Fantastic news: From the opening title sequence to the closing credits this may be one of Paramount’s best 4K presentations of a catalog title – nearly on par with “Top Gun” and “Raiders of the Lost Ark.” Natural film grain dances across the screen bringing cinematic texture and structure throughout. The contrast levels are also very well balanced, providing full and detailed highlights, mid-tones, and shadows. Colors are natural and not oversaturated.
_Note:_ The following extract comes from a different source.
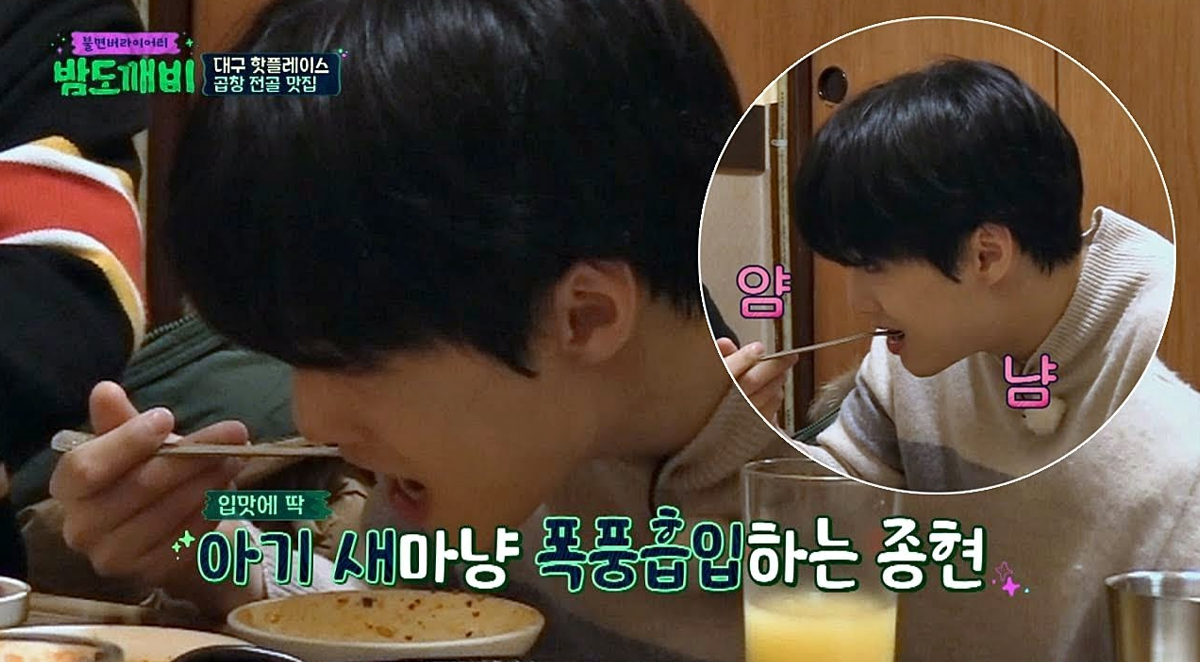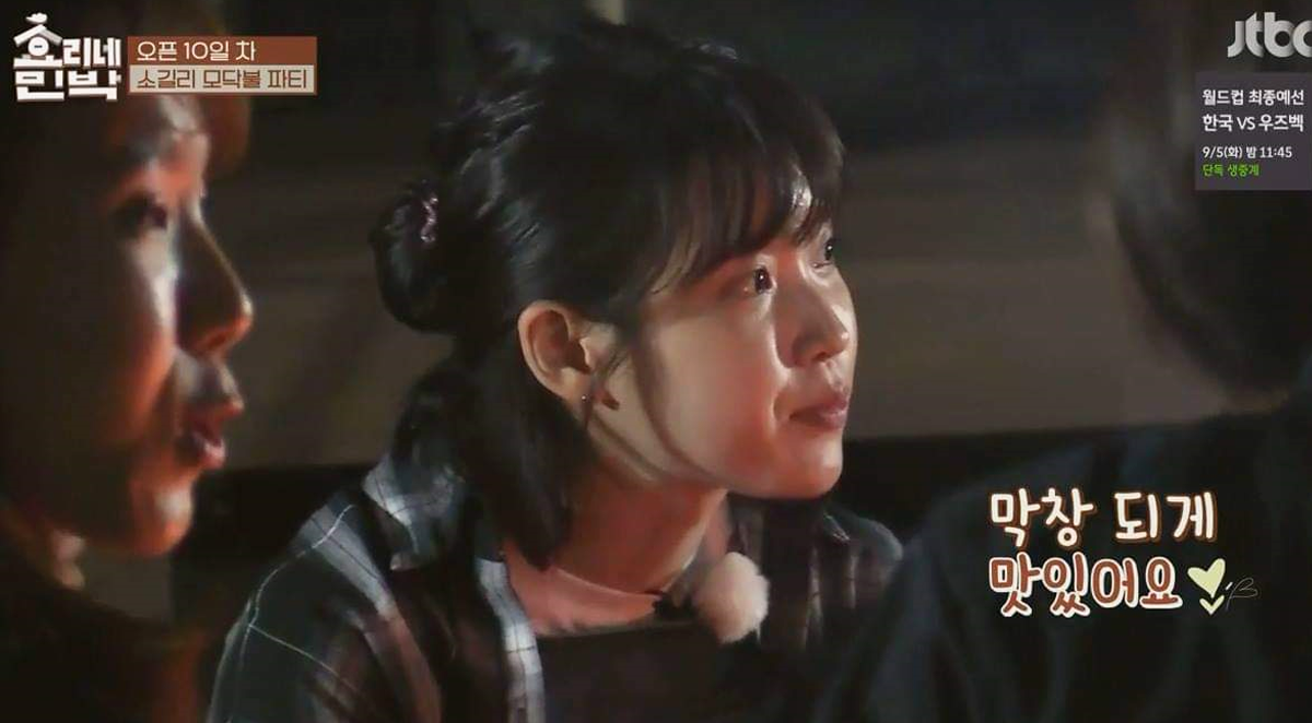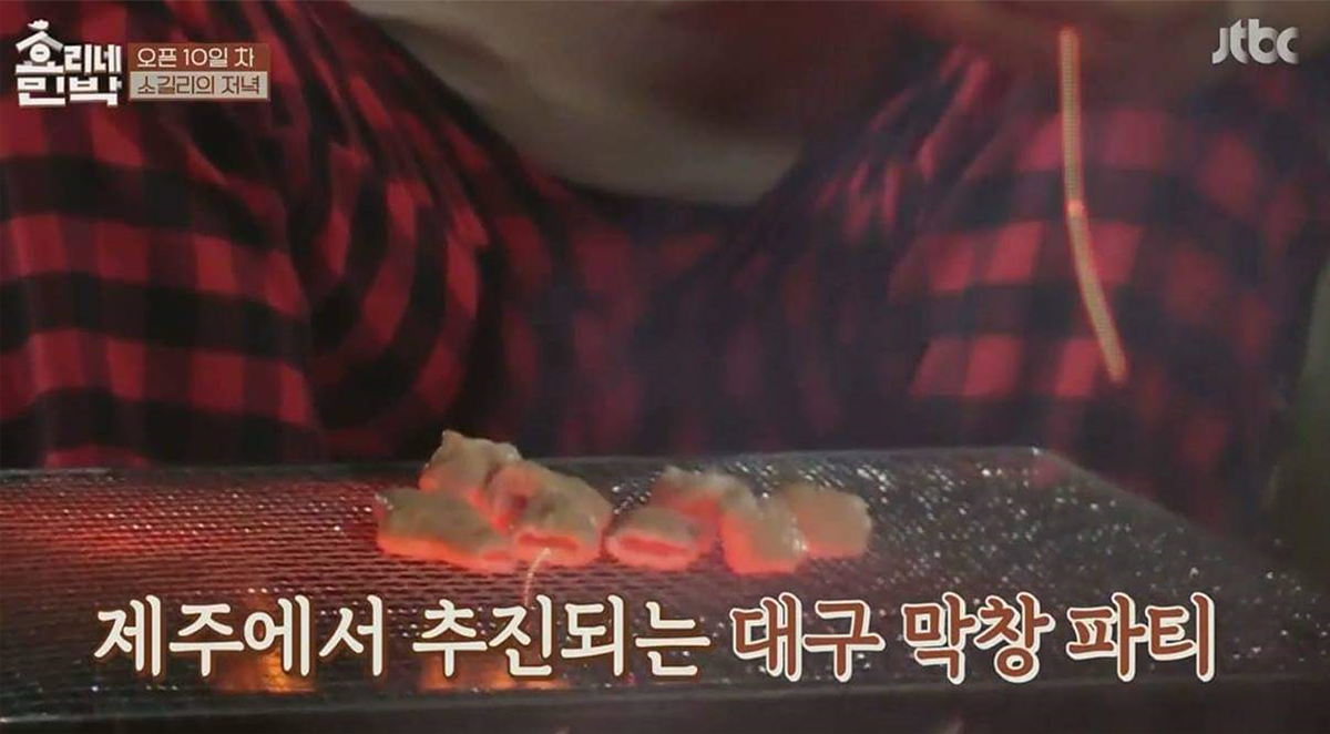 去「孝利去民宿」嘅遊客入面,有5個係嚟自大邱嘅同事。佢哋喺「第一炭火烤肚」外賣新鮮嘅烤腸,帶去濟州島同民宿嘅人一齊分享。 IU食得津津有味,引起話題。 小編都過去呢間IU都鍾意嘅烤腸店!

The previous Blu-ray edition was plagued with waxy faces and minimal film grain – signs of using an old and tired 2K master, and DNR.
This terrific new presentation points out that everyone from director Brian De Palma to the restoration team made sure the original 35mm camera negative (2.35:1 aspect ratio) captured with anamorphic Panavision lens was properly preserved over the last three decades, and scanned and mastered in true 4K. Plus, the technicians supervising the HDR grading (HDR10 & Dolby Vision) and film grain management left the grain intact as much as possible. From the striking wide shots by cinematographer Stephen H. Burum (“The Outsiders,” “Mission: Impossible”) to the trademark De Palma close-ups, every scene has excellent clarity. You won’t be disappointed.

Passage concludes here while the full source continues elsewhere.